Seriosuly though, 12-3 or 13-2 sounds bout rite. Although, I'd like to see Koko do cartwheels and backflips :biggrin:


----------



## texan (Jul 10, 2003)

I think a disappointing month is 10-5. I think that our schedule is easy enough for us to win 11 games, and possibly more. I think more towards the end of the month, we will be more suceptible to upset wins b/c we are nearing the end of the season, and may be a bit tired, etc, but I think that we will be ready for the big games.


----------



## XxMia_9xX (Oct 5, 2002)

Wed 2 Toronto- W 
Fri 4 Chicago- W
Sun 6 Utah- W
Tue 8 New Jersey- W 
Wed 9 @ Phoenix-W 
Sat 12 Denver- W 
Mon 14 New Orleans-W 
Wed 16 Minnesota-W
Fri 18 Charlotte-W 
Sun 20 @ Detroit-W 
Mon 21 @ New York-W 
Wed 23 @ Indiana-W 
Fri 25 Atlanta-W 
Sun 27 Houston-W 
Wed 30 Seattle- W 


yup i think we can win them all, but i think it'll be like 13-2... i just predicted 15-0 because i dont like predicting that spurs will lose.... ohh yeah i also think parker will have a very good month: ppg 20, apg 8... well hopefully


----------



## KokoTheMonkey (Aug 4, 2003)

Slap in the face to all of us. I said that a 10-5 record would be the very worst case scenario, and it looks like that is now the best case scenario.
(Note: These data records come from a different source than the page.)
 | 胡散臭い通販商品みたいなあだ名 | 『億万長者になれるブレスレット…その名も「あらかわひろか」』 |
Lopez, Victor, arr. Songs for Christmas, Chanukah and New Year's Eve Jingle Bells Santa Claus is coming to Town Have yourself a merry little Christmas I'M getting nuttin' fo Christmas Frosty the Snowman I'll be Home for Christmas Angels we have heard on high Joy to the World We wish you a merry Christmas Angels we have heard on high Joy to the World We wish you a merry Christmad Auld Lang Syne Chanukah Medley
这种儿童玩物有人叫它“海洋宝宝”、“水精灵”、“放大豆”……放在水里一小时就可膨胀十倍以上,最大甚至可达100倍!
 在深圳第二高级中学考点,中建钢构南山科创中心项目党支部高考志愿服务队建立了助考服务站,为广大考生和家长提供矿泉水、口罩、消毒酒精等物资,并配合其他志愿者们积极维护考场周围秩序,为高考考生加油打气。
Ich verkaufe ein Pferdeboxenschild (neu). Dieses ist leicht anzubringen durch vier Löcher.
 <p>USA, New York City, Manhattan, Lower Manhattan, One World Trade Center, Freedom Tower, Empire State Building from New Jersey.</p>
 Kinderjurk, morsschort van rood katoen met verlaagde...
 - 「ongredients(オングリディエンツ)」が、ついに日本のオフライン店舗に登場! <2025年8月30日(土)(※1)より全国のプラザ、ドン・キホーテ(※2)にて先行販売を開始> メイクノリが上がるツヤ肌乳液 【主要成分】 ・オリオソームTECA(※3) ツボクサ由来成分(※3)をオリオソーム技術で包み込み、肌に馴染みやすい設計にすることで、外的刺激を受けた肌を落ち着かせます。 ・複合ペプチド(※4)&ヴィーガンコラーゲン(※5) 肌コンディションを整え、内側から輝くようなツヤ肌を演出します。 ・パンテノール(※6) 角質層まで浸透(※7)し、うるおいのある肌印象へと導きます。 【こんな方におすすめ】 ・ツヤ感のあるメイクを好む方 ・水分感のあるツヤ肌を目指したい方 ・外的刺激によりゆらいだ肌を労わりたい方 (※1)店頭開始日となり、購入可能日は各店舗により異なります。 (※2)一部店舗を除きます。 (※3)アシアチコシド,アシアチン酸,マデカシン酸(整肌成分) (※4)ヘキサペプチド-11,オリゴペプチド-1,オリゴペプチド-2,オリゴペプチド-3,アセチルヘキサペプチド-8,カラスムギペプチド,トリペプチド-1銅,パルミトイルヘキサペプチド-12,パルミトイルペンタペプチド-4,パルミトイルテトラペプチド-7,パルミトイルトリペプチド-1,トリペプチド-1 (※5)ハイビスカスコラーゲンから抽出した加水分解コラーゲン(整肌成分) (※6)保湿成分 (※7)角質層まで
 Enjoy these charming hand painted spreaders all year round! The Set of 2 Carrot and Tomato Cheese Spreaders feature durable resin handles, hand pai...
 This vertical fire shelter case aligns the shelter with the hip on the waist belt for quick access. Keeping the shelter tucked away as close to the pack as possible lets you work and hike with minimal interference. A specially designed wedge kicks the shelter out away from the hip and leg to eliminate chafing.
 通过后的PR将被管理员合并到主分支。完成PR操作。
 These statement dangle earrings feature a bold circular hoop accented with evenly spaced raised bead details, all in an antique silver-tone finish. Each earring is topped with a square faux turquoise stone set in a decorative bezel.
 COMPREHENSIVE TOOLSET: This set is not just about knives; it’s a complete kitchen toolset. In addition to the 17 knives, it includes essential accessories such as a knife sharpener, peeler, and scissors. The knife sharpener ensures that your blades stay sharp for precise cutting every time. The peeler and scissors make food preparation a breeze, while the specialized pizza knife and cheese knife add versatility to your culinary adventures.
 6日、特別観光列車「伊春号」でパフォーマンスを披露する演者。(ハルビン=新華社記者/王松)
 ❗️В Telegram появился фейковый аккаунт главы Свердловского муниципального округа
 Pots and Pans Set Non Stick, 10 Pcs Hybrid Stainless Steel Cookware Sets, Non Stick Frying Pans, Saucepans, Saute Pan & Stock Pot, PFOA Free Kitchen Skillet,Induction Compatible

Combined record of the teams we've beaten this month:



Toronto - 28/39
Chicago - 35/31
Utah - 21/46
New Jersey - 32/36
New Orleans - 15/52
Minnesota - 35/34
Charlotte - 13/53



Whoop-de-do! A combined winning percentage of 38%. Those are the teams we have beaten this month. Two above 500 teams. We haven't beaten a Western Conference playoff team in more than a month (Houston, Feb 23)



What's there to be positive about at this point? Keep in mind the expectations that are put on this team. Ever heard of that phrase "Championship or bust"? Well, that applies to this team every friggin year, and right now we're realitically not even on the horizon of a championship caliber team. Again, I'll try not to fly off the handle, but this is contrsuctive criticism of a team who was near perfect heading into the All-Star break. 9-6 since the All-Star break.


----------



## Camaro_870 (Mar 12, 2005)

i feel you man, it kinda sucks how quickly things can turn


----------



## texan (Jul 10, 2003)

We are currently 7-5, after starting out the month a pristine 4-0. Even considering the injuries we have had, this is a bad month for us. I expected much better out of our team, especially Manu and Parker. We end the month with games against Atl, Houston and Seattle, and could end the month with a 500 record or lower. If we don't step up and start playing like a team, then we could slip down quite a bit in the playoff race.


----------



## TheRoc5 (Mar 1, 2005)

now that duncan is injurd i think we will have 7 wins this month


----------